* [The problem] Quote the records that follow in full, leaving the pictures out.

(Saved entries)
*** Begin section ***

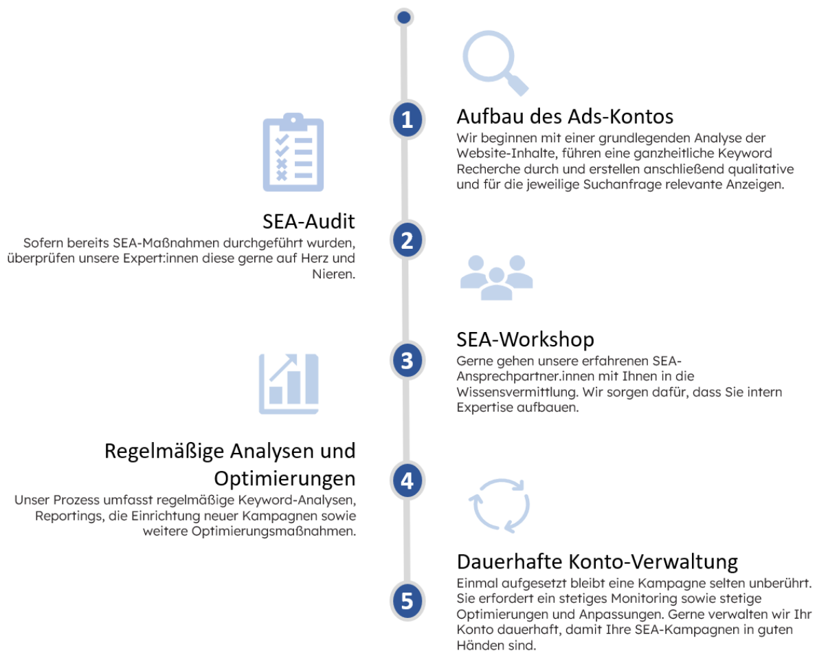
Abbildung 1: Unsere Strategie für Ihr SEA

Unser strategischer und systematischer Ansatz gewährleistet eine optimale Ausgangsposition:
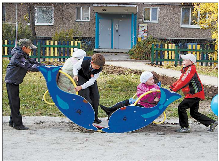
«Большое плавание» по инициативе в конце концов принесло результат: в Верхней Пышме на один уютный двор стало больше

Прежде чем деньги «пришли» во двор, родители сами разработали архитектурный проект, провели разметку во дворе, высадили деревья и цветы собственными силами. Профессиональные «граффитички» (такие нашлись в инициативной группе) продавали идею и расписали серую трансформаторную будку по мотивам мультфильма «Домовёнок». Более того, жильцам удалось на благотворительной основе привлечь одного из местных провайдеров связи, чтобы установить во дворе видеонаблюдение и оберегать созданное от вандалов. А на торжественном открытии площадки жильцы решили ещё и возобновить традицию проведения праздников двора.
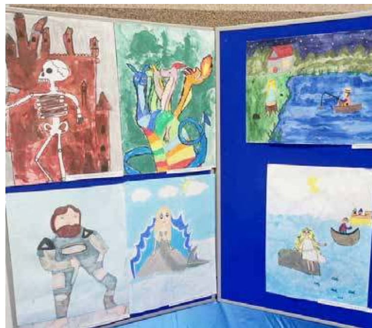
To tylko część prac stworzona przez uczniów nowogardzkich szkół
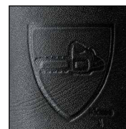
Schnittschutz Klasse 2
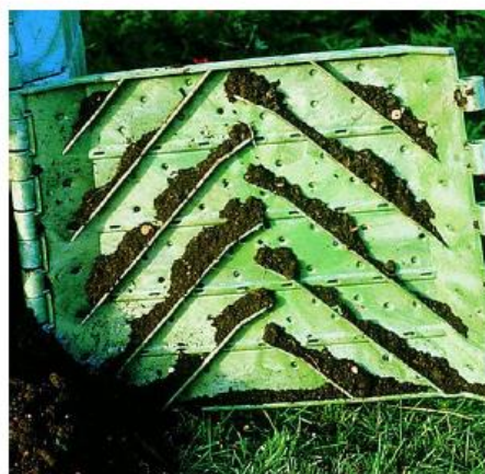
Obrázek: vizualizace kompostéru
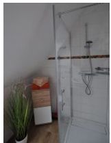
... mit großzügiger Dusche ...
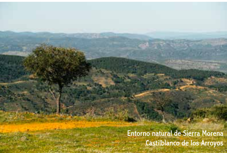
Entorno natural de Sierra Morena Castilblanco de los Arroyos

El Camino Real de Sevilla, transcurre por otros pasos naturales de Sierra Morena. Si la corriente del Guadalquivir no permitía cruzarlo en Sevilla, los peregrinos debían remontar el río hasta el primer vado posible. El camino puede variar según los vados y la época del año, para confluir en Alanís. Éste fue el camino que siguió Cristóbal Colón en 1493 y en Guadalupe se bautizaron los primeros nativos americanos llegados a Europa. También fue el camino de muchos españoles que dejaron su tierra para embarcarse a América y el de los que regresaron a dar gracias a la patrona. Por ello, la ruta se denomina “Camino Colombino de Guadalupe”. La Vía Colombina parte de Sevilla por el antiguo monasterio de San Jerónimo de Buenavista, llega a La Rinconada, sigue por Brenes y cruza el Guadalquivir en Villanueva del Río. Sierra Morena se franquea por El Pedroso, Cazalla de la Sierra, Alanís y Guadalcanal.

*** End section ***

* [Problem solution]
Abbildung 1: Unsere Strategie für Ihr SEA

Unser strategischer und systematischer Ansatz gewährleistet eine optimale Ausgangsposition:
«Большое плавание» по инициативе в конце концов принесло результат: в Верхней Пышме на один уютный двор стало больше

Прежде чем деньги «пришли» во двор, родители сами разработали архитектурный проект, провели разметку во дворе, высадили деревья и цветы собственными силами. Профессиональные «граффитички» (такие нашлись в инициативной группе) продавали идею и расписали серую трансформаторную будку по мотивам мультфильма «Домовёнок». Более того, жильцам удалось на благотворительной основе привлечь одного из местных провайдеров связи, чтобы установить во дворе видеонаблюдение и оберегать созданное от вандалов. А на торжественном открытии площадки жильцы решили ещё и возобновить традицию проведения праздников двора.
To tylko część prac stworzona przez uczniów nowogardzkich szkół
Schnittschutz Klasse 2
Obrázek: vizualizace kompostéru
... mit großzügiger Dusche ...
Entorno natural de Sierra Morena Castilblanco de los Arroyos

El Camino Real de Sevilla, transcurre por otros pasos naturales de Sierra Morena. Si la corriente del Guadalquivir no permitía cruzarlo en Sevilla, los peregrinos debían remontar el río hasta el primer vado posible. El camino puede variar según los vados y la época del año, para confluir en Alanís. Éste fue el camino que siguió Cristóbal Colón en 1493 y en Guadalupe se bautizaron los primeros nativos americanos llegados a Europa. También fue el camino de muchos españoles que dejaron su tierra para embarcarse a América y el de los que regresaron a dar gracias a la patrona. Por ello, la ruta se denomina “Camino Colombino de Guadalupe”. La Vía Colombina parte de Sevilla por el antiguo monasterio de San Jerónimo de Buenavista, llega a La Rinconada, sigue por Brenes y cruza el Guadalquivir en Villanueva del Río. Sierra Morena se franquea por El Pedroso, Cazalla de la Sierra, Alanís y Guadalcanal.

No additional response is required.